Lower House targets Sept. 30 for approval of 2022 budget

Published August 26, 2021, 4:25 PM

by Ben Rosario

The House of Representatives is eyeing Sept. 30 as the target date for the passage of the proposed P5.024 trillion national budget for 2022.

Speaker Lord Allan Velasco

Speaker Lord Allan Velasco on Thursday, Aug. 26 said the Lower House should work swiftly and smoothly to pursue this goal in order to avoid a re-enacted spending program and pave the way for an uninterrupted government operations as the nation faces the threat of COVID-19 pandemic.

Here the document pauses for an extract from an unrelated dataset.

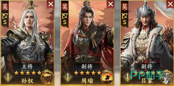 孙权、周瑜与吕蒙构成的持续伤害体系。孙权可对范围敌人施加易伤状态,并提升全队主动技能伤害;周瑜擅长施加高额燃烧DOT伤害;吕蒙则针对已处于燃烧状态的目标进一步提升输出效率。三者联动下,能在大规模团战中持续消耗敌方血量,发挥出色群体压制作用。
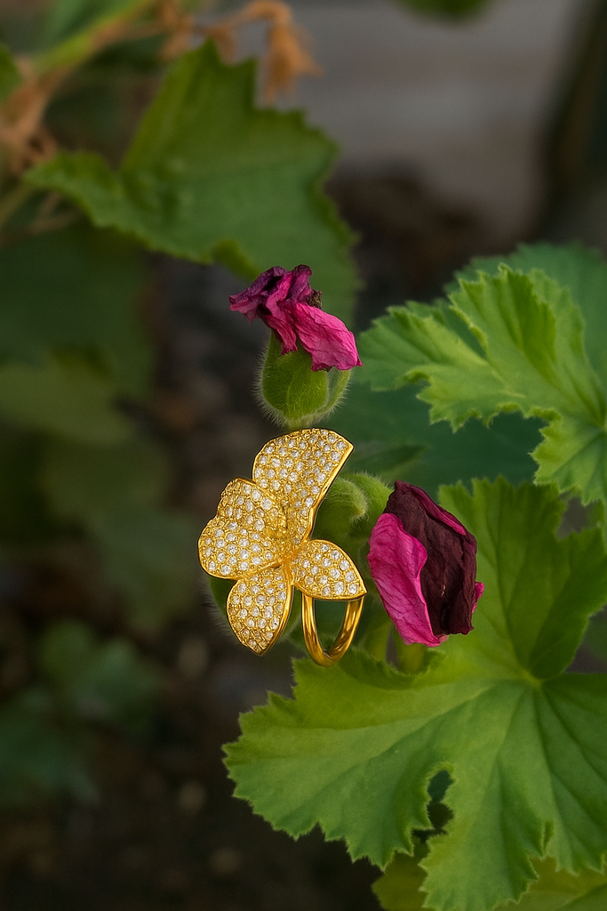 La base in argento 925 esalta la brillantezza delle decorazioni, mentre la disposizione armoniosa dei tre fiori dona movimento e luce alla mano. Un gioiello versatile, che si presta ad arricchire look quotidiani con un tocco elegante o a completare outfit più ricercati per le occasioni speciali.

“We, in the House of Representatives, need to get our act together to ensure swift and smooth passage of the 2022 national budget in order for the government to continue operating and provide much-needed services to the Filipino people as it is expected to,” Velasco said.

The House leader issued the statement as soon as the Committee on Appropriations chaired by ACT-CIS Partylist Rep. Eric Yap, kicked off its deliberations on the last full-year budget to be enacted under the administration of President Rodrigo Roa Duterte.

“Our aim is to pass the House version of the 2022 national budget by September 16 to give the Senate ample time to go over the budget and come up with its own version in time for the October filing of certificates of candidacy for all elective positions for the May 2022 elections,” Velasco said.

The speaker said the Lower House’s ultimate goal is for President Duterte to sign the 2022 General Appropriations Act by December to prevent a reenacted budget that could slow economic growth and hamper the delivery of government services.

The executive department had delayed the transmission to Congress of the proposed 2022 National Expenditure Program and was heavily criticized in the Lower House for it.

House Deputy Minority leader and Bayan Muna Rep. Carlos Isagani Zarate and Bayan Muna Chairman Neri Colmenares aired fears that the the “belated” submission to Congress of the budget proposal may result to railroading and deny the people of assurance that it will be carefully scrutinized.

“This is not an ordinary measure where the process can be short circuited or taken via short cuts.This is the highest national budget ever and the budget for an election year at that. We cannot sacrifice the quality of analyzing it even if they submitted it just yesterday because it will mean surrendering outright Congress’ power of the purse,” said Zarate.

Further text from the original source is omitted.